License: CC BY-NC-SA 4.0

Abstract: Recent advancements in large language models (LLMs) have shown impressive versatility across various tasks. To eliminate its hallucinations, retrieval-augmented generation (RAG) has emerged as a powerful approach, leveraging external knowledge sources like knowledge graphs (KGs). In this paper, we study the task of KG-driven RAG and propose a novel Similar Graph Enhanced Retrieval-Augmented Generation (SimGRAG) method. It effectively addresses the challenge of aligning query texts and KG structures through a two-stage process: (1) query-to-pattern, which uses an LLM to transform queries into a desired graph pattern, and (2) pattern-to-subgraph, which quantifies the alignment between the pattern and candidate subgraphs using a graph semantic distance (GSD) metric. We also develop an optimized retrieval algorithm that efficiently identifies the top-$k$ subgraphs within 1-second latency on a 10-million-scale KG. Extensive experiments show that SimGRAG outperforms state-of-the-art KG-driven RAG methods in both question answering and fact verification, offering superior plug-and-play usability and scalability.

Submitted to arXiv on 17 Dec. 2024

Ask questions about this paper to our AI assistant

You can also chat with multiple papers at once here.

AI assistant instructions?

Results of the summarizing process for the arXiv paper: 2412.15272v1

, , , , Recent advancements in large language models (LLMs) have demonstrated remarkable versatility across various tasks. To address the issue of hallucinations in LLMs, retrieval-augmented generation (RAG) has emerged as a powerful approach, utilizing external knowledge sources like knowledge graphs (KGs). In this study, we delve into the realm of KG-driven RAG and introduce a novel method known as Similar Graph Enhanced Retrieval-Augmented Generation (SimGRAG). The core focus of SimGRAG lies in effectively aligning query texts with KG structures through a two-stage process. Firstly, the query-to-pattern alignment involves using an LLM to transform queries into a desired graph pattern. Secondly, the pattern-to-subgraph alignment quantifies the alignment between the pattern and candidate subgraphs using a graph semantic distance (GSD) metric. Additionally, an optimized retrieval algorithm has been developed to efficiently identify the top-k subgraphs within 1-second latency on a 10-million-scale KG. One key aspect of SimGRAG is its emphasis on plug-and-play usability and scalability. By leveraging the query-to-pattern and pattern-to-subgraph alignment paradigm, SimGRAG ensures context conciseness and prevents entity leaks.
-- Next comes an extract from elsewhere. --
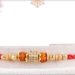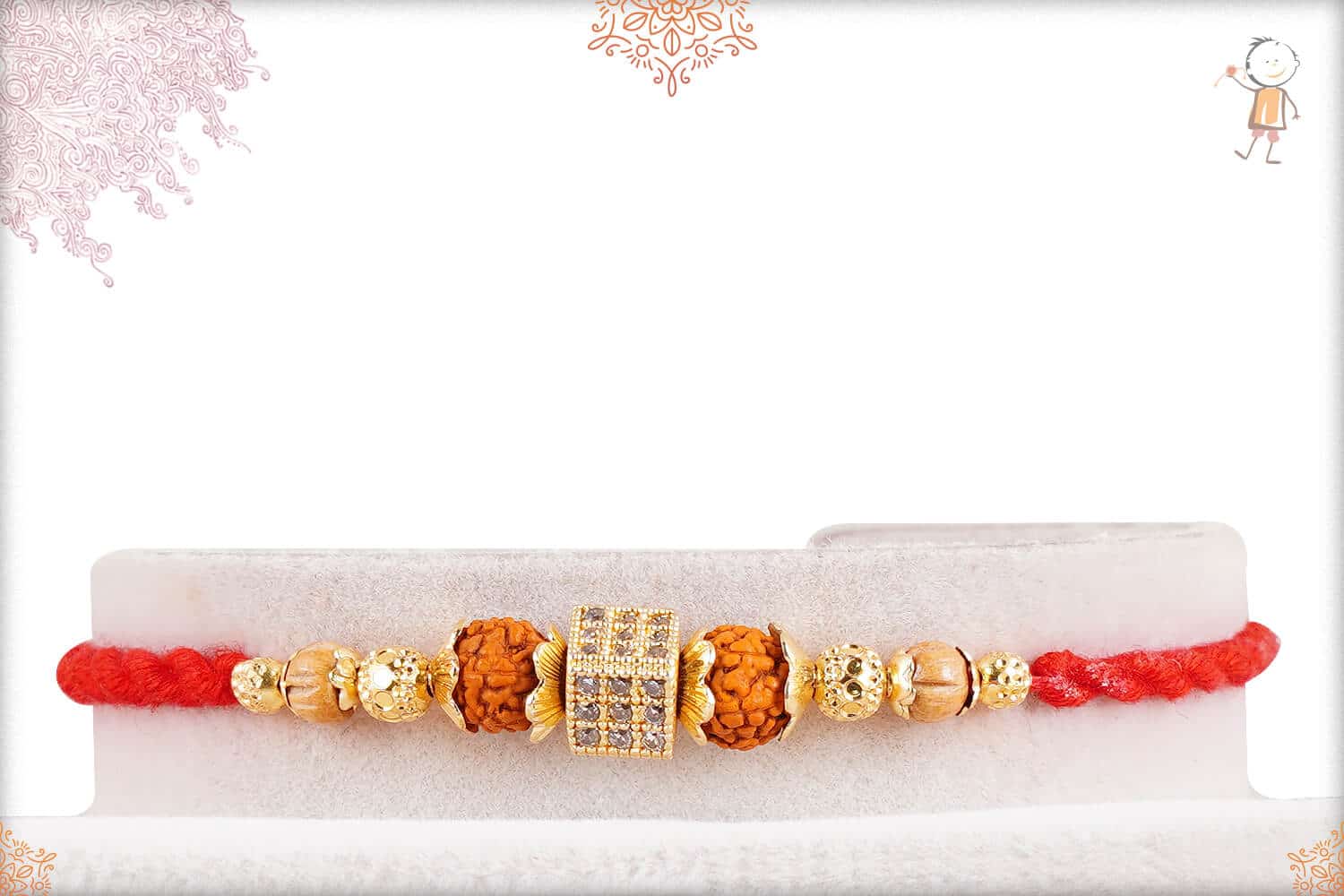 Stunning AD Rakhi with Rudraksh and Sandalwood Beads

The introduction of the GSD metric and the optimized subgraph retrieval algorithm further enhance retrieval efficiency and scalability. Extensive experiments conducted across different KG-driven RAG tasks have consistently shown that SimGRAG outperforms existing methods in question answering and fact verification. The method's ability to align query texts with KG structures effectively contributes to its superior performance compared to state-of-the-art approaches. However, it is important to note that the performance of SimGRAG heavily relies on the underlying capabilities of LLMs. Lower-quality or less capable LLMs may lead to degraded performance, especially in scenarios requiring advanced reasoning skills for complex queries. In conclusion, our study introduces SimGRAG as an innovative approach for KG-driven RAG that offers improved usability, context conciseness, and scalability. By combining large language models with knowledge graphs effectively, SimGRAG sets a new standard for addressing challenges in information retrieval tasks.
Created on 20 Jan. 2025

Assess the quality of the AI-generated content by voting

Score: 0

Why do we need votes?

Votes are used to determine whether we need to re-run our summarizing tools. If the count reaches -10, our tools can be restarted.

Similar papers summarized with our AI tools

Navigate through even more similar papers through a

tree representation

Look for similar papers (in beta version)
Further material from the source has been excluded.